Odchudzanie a wiek - Wizaz.pl

Wróć   Wizaz.pl > Zdrowie i Medycyna > Dietetyka

Notka

Dietetyka Miejsce dla osób, które są na diecie. Rozmawiamy o zdrowym odżywianiu. Uwaga! Wyznacznikiem jest kaloryczność dobowa diet - muszą one mieć ponad 1000 kcal.

Odpowiedz
 
Narzędzia
Stary 2011-10-26, 13:21   #1
klaudusssv
Przyczajenie
 
Avatar klaudusssv
 
Zarejestrowany: 2011-10
Lokalizacja: Flint, Flintshire, WALES
Wiadomości: 3
GG do klaudusssv Send a message via Skype™ to klaudusssv

Odchudzanie a wiek


Witam wszystkich! . Mam poważny problem, który nie pozwala mi normalnie funkcjonować... ;(
A więc; pomimo tego, że mam dopiero 16 lat, jak na swój wiek jestem bardzo no jakby to ująć... okrągła, czyli jednym słowem mówiąc mam sporą nadwagę. Mam 166cm wzrostu a ważę jakieś 77kg (to chore prawda?). Bardzo chciałabym zrzucić zbędne kilogramy i w końcu zacząć cieszyć się życiem. Moje rówieśniczki są szczupłe, nie mają problemów... Próbowałam nic nie jeść i żyć tylko na piciu wody mineralnej, ale nie wydaje mi się, żeby to było mądre posunięcie... Poza tym to muszę przyznać, że mam ogromną słabość do słodyczy, i tego również chcę się pozbyć.
Pomóżcie, proszę !
klaudusssv jest offline Zgłoś do moderatora   Odpowiedz cytując
Stary 2011-10-26, 13:32   #2
Wizazanka492
Zadomowienie
 
Avatar Wizazanka492
 
Zarejestrowany: 2007-07
Lokalizacja: Z domku:)
Wiadomości: 1 922
Dot.: Odchudzanie a wiek

Kochana, nic nie jeść to niestety nie jest sposób na schudnięcie.
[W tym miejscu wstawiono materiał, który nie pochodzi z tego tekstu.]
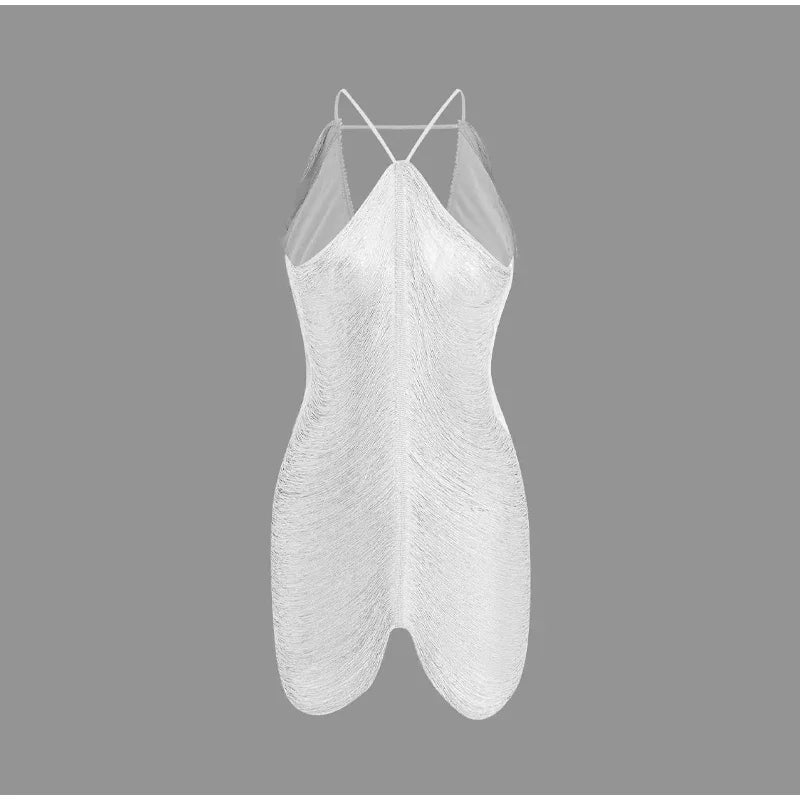 Shiny Tassels Halter Off Shoulder Sleeveless Slim Mini Dress

Ze swojego doświadczenia wiem, że najlepiej nie katować się bezlitosnymi dietami a poprostu mądrze się odżywiać ( dużo wody mineralnej, dużo owoców i warzyw, białko, unikać smażonego i słodyczy). Byłam i na kopenhaskiej, i na dukanie, i na owoceowej, i na SB - efekty były , fakt, ale co z tego, skoro po jakimś czasie wszystko wracało.

Teraz zaczynam nabierać takiej świadomości, że całe nasze odchudzanie zależy głównie od naszej psychiki - jeśli przestawisz sobie w głowie - od jutra zaczynam jeść zdrowo i rozsądnie i jeszcze zacznę ćwiczyć - to chudnięcie będzie nie męczarnią, ale przyjemnością.
Niestety właśnie problem tkwi w naszej głowie - trudno oprzeć się wielu rzeczom, które do nas "krzyczą" w supermarkecie. Ciężko odmówić sobie kolejnego batonika, kiedy wchodzi się do marketu, gdzie jeden za drugim aż krzyczą - zjedz mnie.

Sztuką odchudzania jest umiejętne odmawianie sobie pewnych rzeczy, które nas tuczą, np w Twoim przypadku są to słodycze.

Ja również męczę się ze zbędnymi kilogramami, mam ich do zrzucenia co najmniej 5! I ciężko jest, zwłaszcza jak siedzi się tylko w domu i uczy:/ Kiedyś jak miałam więcej zajęć i ruchów - jednak ten tryb życia był bardziej aktywny - nie miałam w ogóle problemów z wagą.

Jednak wczoraj wieczorem postanowiłam , że nie będę jadła pieczywa, mącznych produktów i słodyczy co najmniej przez miesiąc.Zobaczymy czy wytrwam.Moją zgubą są właśnie słodycze. Zły nawyk - jedząc co dziennie coś słodkiego za 10 lat mogę mieć nawet 15-20 kg nadwagi - o Boże, żeby nigdy taki stan mnie nie zastał.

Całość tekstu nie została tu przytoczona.